In many reinforcement learning models, softmax is used to represent the exploration-exploitation trade-off, rather than the three methods mentioned above. However, we still recommend retaining the default value of pi = 0.001 for parameters related to bias_func to ensure that each option is selected at least once.

Additionally, when using the binaryRL::rcv_d() function, please note the following two points. During the recovery process, the last element of both simulate_lower and simulate_upper corresponds to the \(\tau\) parameter used in the softmax function.

  • simulate_lower represents a fixed positive increment applied to all \(\tau\) values.
    if this value is set to 1, it means that 1 is added to every \(\tau\) during simulation.
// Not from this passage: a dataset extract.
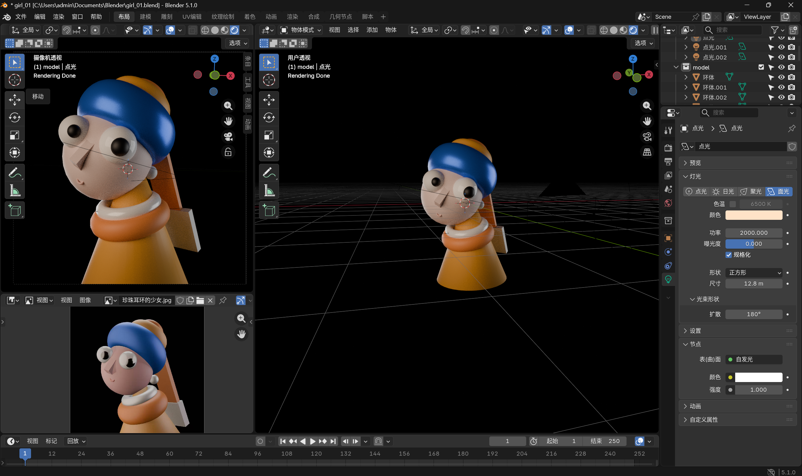 最后结果还有一部分我做了微调,但是最后忘记保存然后软件闪退了就不给大家展示了(Ctrl+S保存!!!),再最后我们渲染(F12)即可看到成品,渲染完左上角会有图像按钮,大家点击然后另存为即可

  • simulate_upper specifies the rate parameter of an exponential distribution from which \(\tau\) is sampled.
    if this value is 1, then \(\tau\) is drawn from an exponential distribution with a rate of 10, i.e., \(\tau \sim \text{Exp}(1)\).

binaryRL::rcv_d(
  ...
  simulate_lower = list(c(0, 1), c(0, 0, 1), c(0, 0, 1)),
  simulate_upper = list(c(1, 1), c(1, 1, 1), c(1, 1, 1)),
  ...
)

Reference
Wilson, R. C., & Collins, A. G. (2019). Ten simple rules for the computational modeling of behavioral data. Elife, 8, e49547. https://doi.org/10.7554/eLife.49547

Model Fit

The primary aim of binaryRL is to enable reinforcement learning models to exhibit behaviors similar to human subjects. While there are other ways to formulate the loss function, we’ve fixed it as shown below to express the resemblance between human behavior and model predictions.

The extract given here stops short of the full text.